Context helps give context of where the table was used in the query:

  • from: table in the main FROM clause
  • join_left: left side of a JOIN
  • join_right: right side of a JOIN
  • cte: a Common Table Expression being defined
  • from_cte: usage of a CTE as if it were a table
  • subquery: table reference inside a subquery

Functions

This extension provides one table function and three scalar functions for parsing SQL and extracting referenced tables.

In general, errors (e.g. Parse Exception) will not be exposed to the user, but instead will result in an empty result. This simplifies batch processing. When validity is needed, is_parsable can be used.

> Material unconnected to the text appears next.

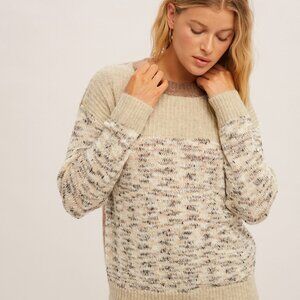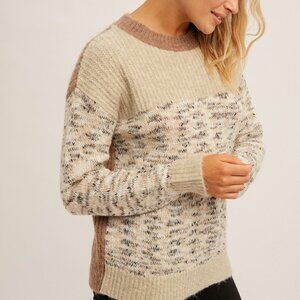 HEM & THREAD Colorblock Knit Sweater, Neutral Beige Brown Multi, Soft Cozy
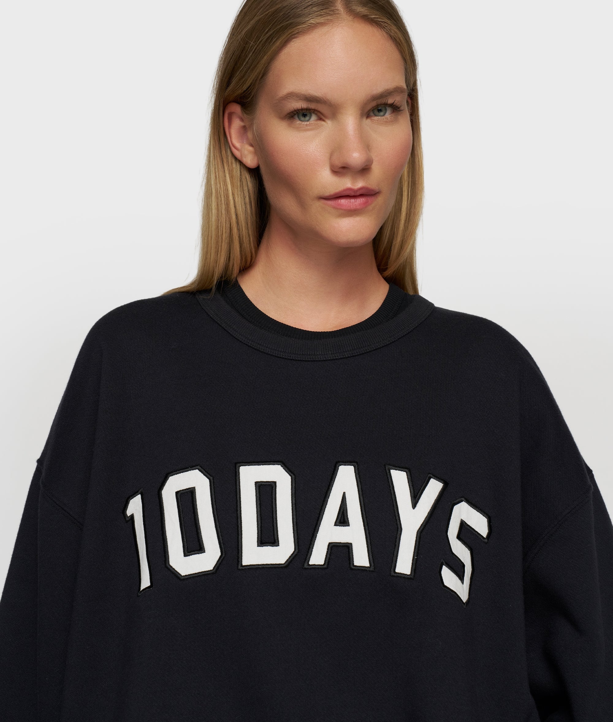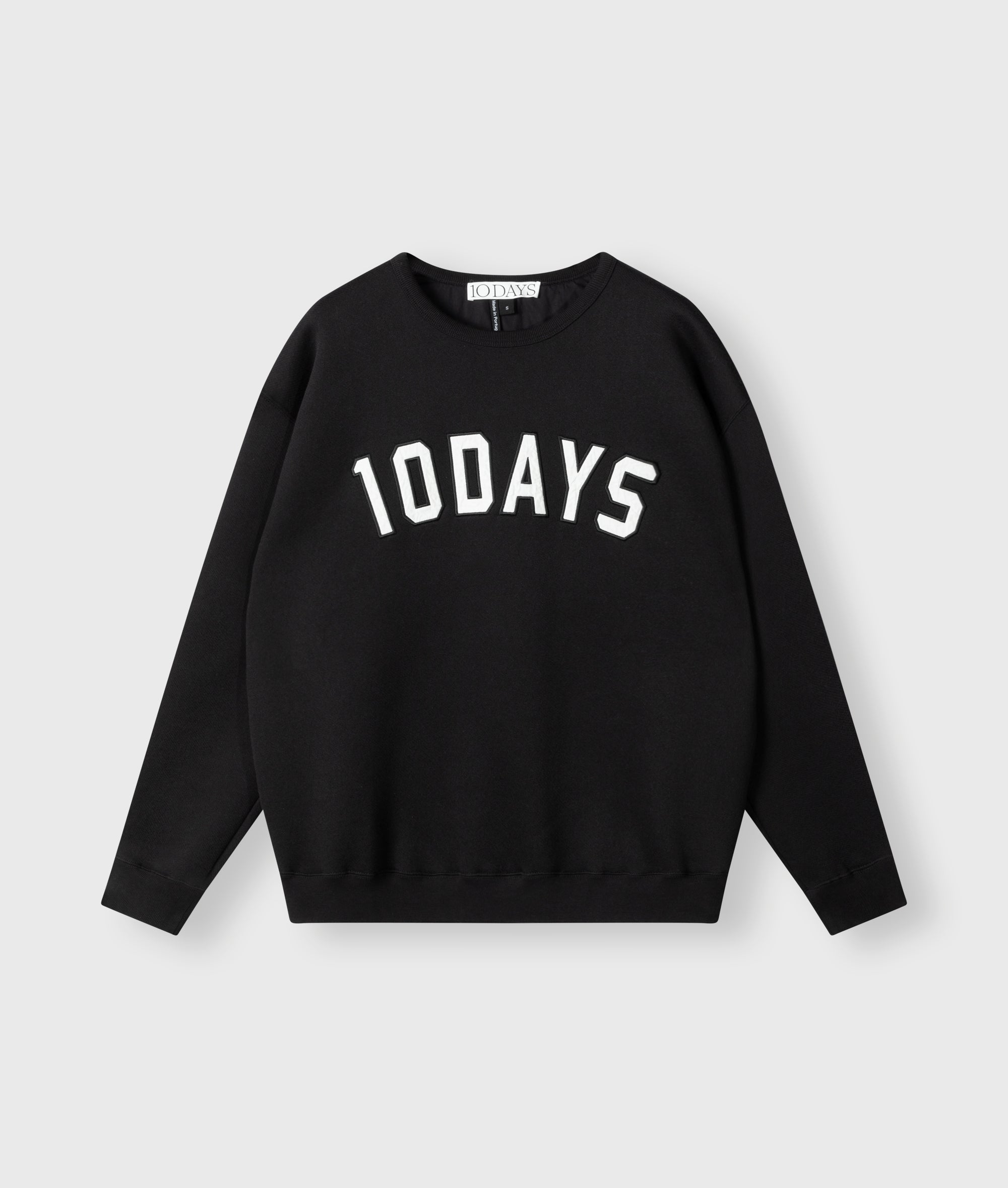 Oversized fit statement sweater, made of thick brushed cotton and polyester blend. Features a felt baseball 10DAYS logo patch on the chest, a round rib knitted neck and rib knitted edges at the cuffs and hem.|

parse_tables(sql_query) – Table Function

Parses a SQL SELECT query and returns all referenced tables along with their context of use (e.g. from, join_left, cte, etc.).

Usage

SELECT * FROM parse_tables('SELECT * FROM my_table JOIN other_table USING (id)');

Returns

A table with:

  • schema: schema name (default "main" if unspecified)
  • table: table name
  • context: where the table appears in the query
    One of: from, join_left, join_right, from_cte, cte, subquery

Example

SELECT * FROM parse_tables($$
    WITH cte1 AS (SELECT * FROM x)
    SELECT * FROM cte1 JOIN y ON cte1.id = y.id
$$);
schema table context
cte1 cte
main x from
main y join_right
cte1 from_cte

parse_table_names(sql_query [, exclude_cte=true]) – Scalar Function

Returns a list of table names (strings) referenced in the SQL query. Can optionally exclude CTE-related references.

Usage

SELECT parse_table_names('SELECT * FROM my_table');
----
['my_table']

Optional Parameter

SELECT parse_table_names('with cte_test as(select 1) select * from MyTable, cte_test', false); -- include CTEs
---- 
[cte_test, MyTable, cte_test]

Returns

A list of strings, each being a table name.

Example

SELECT parse_table_names('SELECT * FROM a JOIN b USING (id)');
----
['a', 'b']

parse_tables(sql_query) – Scalar Function (Structured)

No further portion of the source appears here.